Pomatocalpa, commonly known as bladder orchids, or 鹿角兰属 (lu jiao lan shu), is a genus of about twenty five species from the orchid family, Orchidaceae. Plants in this genus are epiphytes or lithophytes with thick, leathery leaves and a large number of small flowers with a three-lobed labellum. There are about twenty five species found from tropical and subtropical Asia to the south-west Pacific.

==Description==
Orchids in the genus Pomatocalpa are monopodial epiphytic or lithophytic herbs with long, thick roots attached to the substrate, with fibrous stems and long-lasting leaves arranged in two rows with their bases obscuring the stems. A large number of relatively small flowers are arranged on a panicle or raceme and with sepals and petals that are similar to each other and a labellum that has three lobes.

==Taxonomy and naming==
The genus Pomatocalpa was first formally described in 1829 by Breda in Genera et Species Orchidearum et Asclepiadearum. The type species is Pomatocalpa spicatum.
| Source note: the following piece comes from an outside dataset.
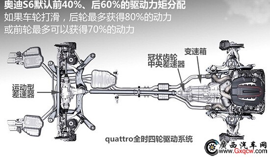 另外特別需要提一提奧迪賴以為榮的quattro四驅(qū)系統(tǒng),在默認(rèn)情況下這套系統(tǒng)采用的是前后4:6的動(dòng)力分配,而如果遇到車(chē)輪打滑后,其動(dòng)力輸出比可以在2:8和7:3這個(gè)范圍內(nèi)自動(dòng)調(diào)整。小齊發(fā)現(xiàn)這個(gè)系統(tǒng)能帶給駕駛著帶來(lái)信心和樂(lè)趣,雖說(shuō)是臺(tái)大排量的性能車(chē),但你不用過(guò)多分心于你的駕駛操作方式,因?yàn)檫@個(gè)quattro系統(tǒng)有非常好的包容性。
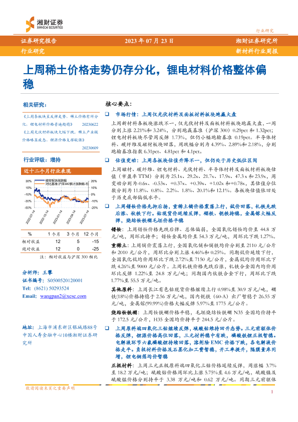 【湘财证券】【20230723】20230723-湘财证券-新材料行业周报:上周稀土价格走势仍存分化,锂电材料价格整体偏稳-12页

The name Pomatocalpa is derived from the Ancient Greek words pomatos meaning "cover", "lid", "operculum" or "gill-cover" and kalpe meaning "vessel for drawing water", "pitcher" or "urn", referring to the deeply pouched labellum.

===Species===
The following is a list of species accepted by the Plants of the World Online as at October 2025:
- Pomatocalpa angustifolium Seidenf. - Thailand, Vietnam
- Pomatocalpa arachnanthe (Ridl.) J.J.Sm. - Malaysia
- Pomatocalpa armigerum (King & Pantl.) Tang & F.T.Wang - Assam, Bhutan
- Pomatocalpa bambusarum (King & Pantl.) Garay - Assam, Bhutan
- Pomatocalpa bhutanicum N.P.Balakr. - Bhutan
- Pomatocalpa bicolor (Lindl.) J.J.Sm. - Philippines
- Pomatocalpa decipiens (Lindl.) J.J.Sm. - India, Bangladesh, Sri Lanka
- Pomatocalpa diffusum Breda - Thailand, Malaysia, Indonesia, Philippines
- Pomatocalpa floresanum J.J.Sm. - Flores
- Pomatocalpa fuscum (Lindl.) J.J.Sm. - Malaysia, Borneo, Philippines
- Pomatocalpa grande Seidenf. - Vietnam
- Pomatocalpa koordersii (Rolfe) J.J.Sm.
- Pomatocalpa kunstleri (Hook.f.) J.J.Sm. - Thailand, Malaysia, Indonesia, Philippines
- Pomatocalpa linearipetalum J.J.Sm. - Seram
- Pomatocalpa macphersonii (F.Muell.) T.E.Hunt - New Guinea, Queensland
- Pomatocalpa maculosum (Lindl.) J.J.Sm. - widespread from Sri Lanka and Bhutan to Java and the Philippines
  - Pomatocalpa maculosum subsp. andamanicum (Hook.f.) Watthana
  - Pomatocalpa maculosum subsp. maculosum
- Pomatocalpa marsupiale (Kraenzl.) J.J.Sm. - Queensland, Maluku, Sulawesi, New Guinea, Solomons, Vanuatu
- Pomatocalpa parvum (Ridl.) J.J.Sm. - Pahang
- Pomatocalpa simalurense J.J.Sm . - Simeuluë
- Pomatocalpa sphaetophorum (Schltr.) J.J.Sm. - Borneo
- Pomatocalpa spicatum Breda, Kuhl & Hasselt - Hainan, Assam, Bhutan, Andaman & Nicobar Islands, Indochina, Malaysia, Indonesia, Philippines
- Pomatocalpa tonkinense (Gagnep.) Seidenf. - Vietnam, Laos
- Pomatocalpa truncatum (J.J.Sm.) J.J.Sm. - Borneo
- Pomatocalpa undulatum (Lindl.) J.J.Sm - Assam, Bangladesh, Taiwan
  - Pomatocalpa undulatum subsp. acuminatum (Rolfe) Watthana
  - Pomatocalpa undulatum subsp. undulatum

==Distribution==
Species in the genus Pomatocalpa are found from tropical and substropical Asia to the southwest Pacific.